Mimecast Email Incident Response - Mimecast Threat Response Operations (TRO) Actions

This article describes the classifications that are used for reported messages in Mimecast Email Incident Response (MEIR) and the actions that are taken based on these classifications. It is intended for Administrators.

Reported Message Classifications

The table below lists classifications that are used for reported messages and their meanings:

TRO & end user Classification Definition Analysis & Response Column Analysis & Response Details column 
Benign – Legitimate A legitimate safe business email that the end user likely should take action on. N/A N/A
Benign – Spam A safe email that the end user was not expecting and does not want to receive. N/A N/A
Benign – Mimecast Awareness training A phishing simulation created by Mimecast Awareness Training. N/A N/A
Benign – 3rd party Awareness training A phishing simulation created by a third-party awareness training tool. N/A N/A
Malicious – Malware Attachment Email with a malicious file attached. Phishing  Malicious File
Malicious – Malware URL Email with a URL that leads to a malicious file. Phishing Malicious File
Malicious – Phishing Attachment Email with an attachment that leads to a phishing attack.
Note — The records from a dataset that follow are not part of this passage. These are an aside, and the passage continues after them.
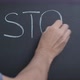 Stop racism. Man writes in chalk on a blackboard stop racism.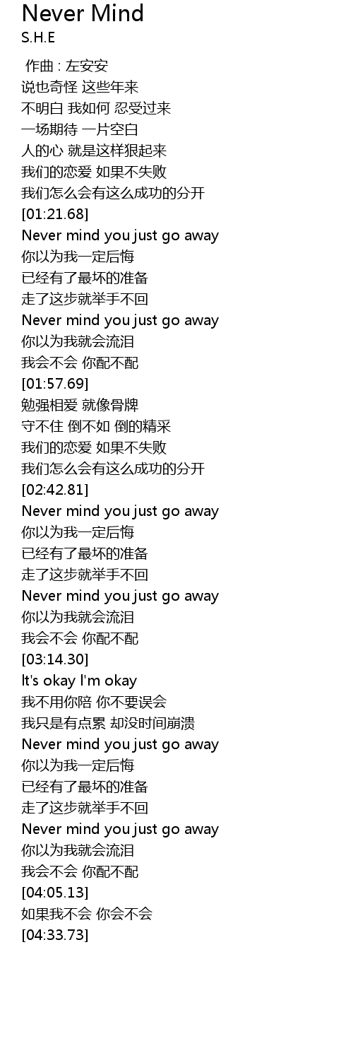 | [03:20.00] | 我不用你陪 你不要误会 |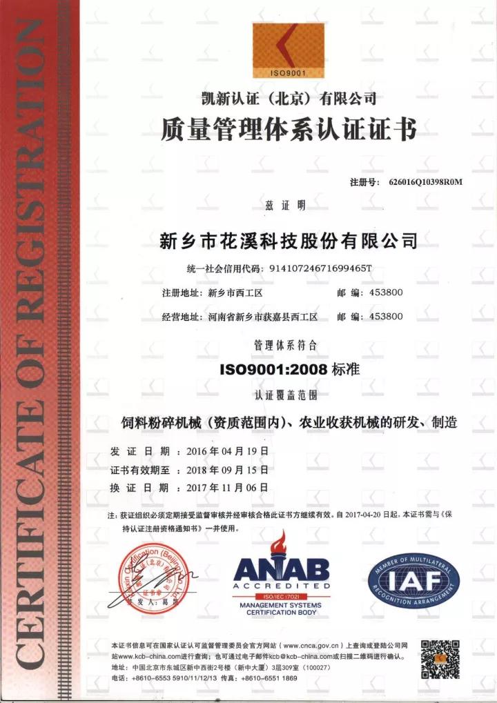 開展體系認證工作對于提高公司產品質量,增強企業綜合競爭能力,具有重要的現實意義和積極的促進作用。公司早在2009年便已通過了質量管理體系(ISO9000)的審核,獲取了證書。

This could be a benign PDF attachment that includes a link to a phishing page. Phishing Malicious File
Malicious – Phishing URL Email with a URL that leads to a phishing page. Phishing Phishing URL 
Malicious – Whaling/Spear Phishing An email directly targeting the reporting organization. Almost always an impersonation of staff. Phishing BEC - Whaling
Malicious – Scam/Fraud Catch-all for Malicious emails that don't fall into Whale/Spear, Malware and Phishing categories. Usually payloadless. An example could be an advance-fee scam Phishing Fraud
Malicious – Other Email is or was malicious due to context and infrastructure clues, but the threat is no longer active. This most commonly occurs with URL-based attacks where the URL no longer resolves Phishing Payload offline
Indeterminate

Everything about the email looks safe and legitimate, but MEIR does not have the context to determine this with 100% confidence. The analyst doesn't see anything wrong with the email, but something may look suspicious. An example could be an invoice. There is no way for a MEIR to know if the customer purchased the product or service in the invoice.

Suspicious 

Missing Context

Actions 

Regardless of the classification, the message will always be moved to junk or deleted items. This depends on whether the user selected the "reported as junk" or "reported as phishing" option. If you have a single reporting button, it moves it to junk.

The actions that are taken based on the reported message classifications are as follows:

Message Classification  Action 

Benign – Legitimate and Awareness Training

  • In both cases, the sender does NOT get added to the blocklist.

Benign – Spam and Malicious

  • The sender DOES get added to the blocklist.
Malicious
  • The message and all similar messages will be removed (remediated) by MEIR in Mimecast remediation incidents.
  • Detection updates are created at all applicable scanning layers, improving security posture for all Mimecast customers.
  • The dashboard in Analysis and Response is updated, showing malicious indicators, URL clicks, threat details and remediated messages.

For all reported messages, depending on the configuration described in End User Feedback, feedback is sent to the user who reported the message.